На алтарной, восточной стене он напишет картины Родины. Ее реки, сады, урожаи. Ее города и селения. Ее красу и наряд из трав, снегов, половодий. Он напишет ее среди празднеств, трудов и радений. Все, о чем мечтают солдаты, задремав на холодной броне, забывшись в душной палатке под мерный посвист «афганца». Он напишет лица бабок, невест, матерей, поджидающих солдат из похода. Библиотекаршу, спасающую обгорелую книгу, жену Астахова, провожающую в небеса самолет. Мать Маркиза, читающую весточку сына. Он напишет свою жену, ту, молодую, красивую, которую когда-то любил, которая родила ему сына.
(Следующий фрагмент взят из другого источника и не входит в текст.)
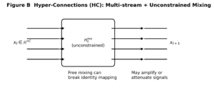这就是 Hyper-Connections(HC)这类工作的出发点:把残差流的宽度从 C 扩到 n×C,并引入一个可学习的混合矩阵,把“各条车道”的信息在每层重新路由。在 HC 原论文里,核心机制就是这种“复制 n 份 residual path、再在它们之间做连接”的宏观结构。
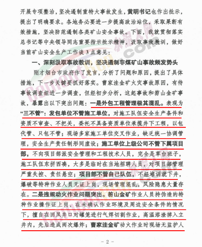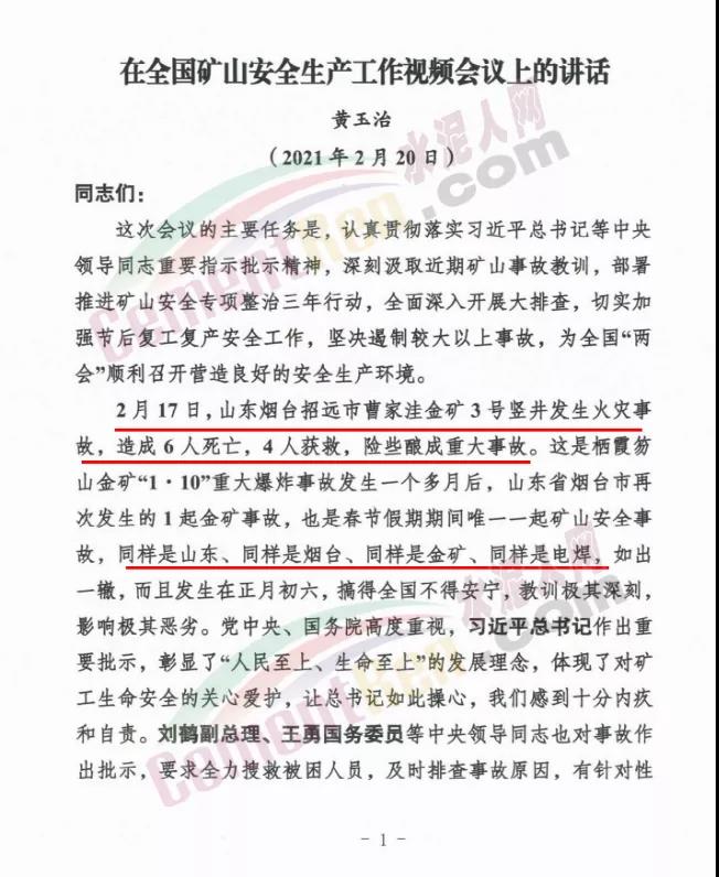 水泥人網(wǎng)通訊員消息,近日,應(yīng)急管理部副部長(zhǎng)、國(guó)家礦山安監(jiān)局局長(zhǎng)黃玉治在全國(guó)礦山安全生產(chǎn)工作視頻會(huì)議上發(fā)表講話(huà)時(shí)提到,2月17日,山東煙臺(tái)招遠(yuǎn)市曹家洼金礦3號(hào)豎井發(fā)生火災(zāi)事故,造成6人死亡,4人獲救,險(xiǎn)些釀成重大事故。這是繼棲霞笏山金礦“1?10”重大爆炸事故發(fā)生一個(gè)多月后,山東省再次發(fā)生的1起金礦事故,也是春節(jié)假期期間唯一一起礦山安全事故,同樣是山東、同樣是煙臺(tái)、同樣是金礦、同樣是電焊,如出一轍,而且發(fā)生在正月初六,搞得全國(guó)不得安寧,教訓(xùn)極其深刻,影響極其惡劣。

Здесь, на восточной стороне, среди золотого и белого, он напишет красоту и любовь, спасающие мир от погибели. Выставит эту белую стену против той, багровой и темной. Две стены единого храма. Двуединый извечный мир.

И там, в высоте, в центре храма, в куполе, полном света, он напишет прекрасный лик. Лик сына. Его очи, брови, уста, наполненные силой и свежестью, твердостью духа, ума. Там, в высоте, он, художник, утомленный, в сединах, завершая сыновнее лицо, поймет: кончен век, сделано дело жизни и можно теперь уйти. И тихонько сойдет с лесов, провожаемый взглядом сына…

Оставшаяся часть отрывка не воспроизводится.